PR for Less Than $1
Hey hockey fans, the NHL lockout is over and as a make-good for your suffering and devotion to the sport you’ll be paid back in bumper stickers.
What? Yup, you read correctly. Here in the Boston area the Bruins are spreading the goodwill and cheer with a 58 cent spoked B, black and gold bumper sticker. This is the club’s initial idea of good PR aimed at thanking the fans for sticking around as the labor dispute/Gary Bettman-Donald Fehr ego war of attrition played out over the past four months.
I was at the Bruins’ practice facility Sunday, just hours after the NHL and NHL Players Association announced their tentative agreement to end the lockout, when just before 11 a.m. two community relations staffers from the Bruins arrived and parked themselves in the arena’s lobby as youth hockey players from various towns paraded in and out of the building. Between the staffers was a pile of Bruins’ bumper stickers.
“Yes, the lockout is over,” replied one of the staffers when asked if the NHL was back in business.
Throughout the lockout the Bruins kept their regular 11 a.m. – noon ice time at Ristuccia Arena. But on Sunday, rumor had it they were donating the sheet to the Wilmington Youth Hockey Association – another attempt at putting an icy bandage over the wound created by the labor dispute.
I’m not sure how other clubs are trying to win back fans in other hockey-mad cities, but here in Boston, where the sport has a devoted following and where Bruins’ owner Jeremy Jacobs is one of the richest owners in the sport, a 58 cent bumper sticker is an ill public-relations attempt for a sport that squabbled over how to share $3.3 billion in revenue.
Where are the other PR stunts we’d expect as a result of such a long, dirty and grueling process? Where are reduced ticket prices, the special events for season-ticket holders, the public apologies on TV and published in local newspapers as full-length advertisements like other sports have done? Those are just a few of the elementary public and community relations initiatives that should be instituted. No one cares about a bumper sticker.

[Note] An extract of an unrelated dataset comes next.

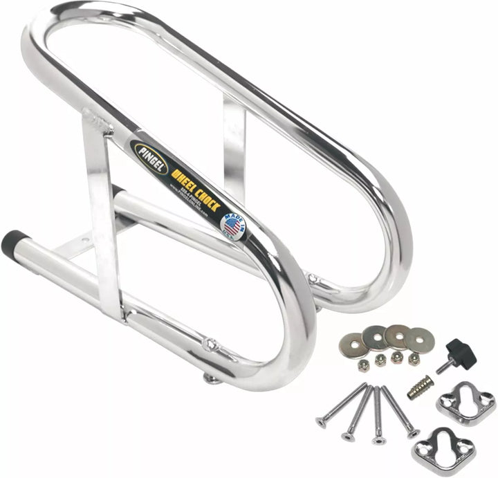 Mounting brackets remain fastened while the chocks are easily removed by unscrewing the T-bolt hold-down screw, Stabilize the front wheel of a motorcycle for trailer transportation, Wheel chocks can easily be removed when not in use, Made in the USA, Additional mounting kits sold separately, enabling you to move the chock from one surface to another without removing the mounting brackets.

Both the league owners and players, and all their clansmen, are accomplices in this miscarriage of hockey injustice. A large part of that $3.3 billion is generated by the fans who buy tickets to games, order the NHL package on cable TV, buy NHL 2013 for Xbox, purchase team memorabilia and merchandise, but get speared with the proverbial NHL shaft when millionaires and billionaires fight over taking more of that money.
Following the canceled 2004-05 season, supporters returned to arenas around the league, greeted by a “Thank You Fans” slogan painted on the ice.
This is the third lockout in NHL Commissioner Gary Bettman’s 19-year tenure. In that span Bettman has canceled 2,178 regular-season games because of labor disputes. It’s quite obvious public relations isn’t one of Bettman’s strengths, nor is it one of the NHL’s, as empty slogans painted on a sheet of ice are all that are offered as an olive branch to the fans.
In the coming days and weeks it will be interesting to see the NHL’s approach to reviving its damaged brand. After three lockouts, this last one possibly alienating even the most devoted hockey fans (this one included), will those fans come back in droves to the arenas? Will they care enough to purchase the merchandise? Will kids gravitate to other sports that while suffering through their own labor disputes haven’t resorted to lengthy lockouts on the average of one every 6.3 years?
While a labor agreement is in place, there’s still a lot of work that needs to be done by the NHL to repair its image and retain its fan base, and that’s more intense than handing out a simple bumper sticker.
What are your thoughts on the NHL? Will you come back, or could you care less?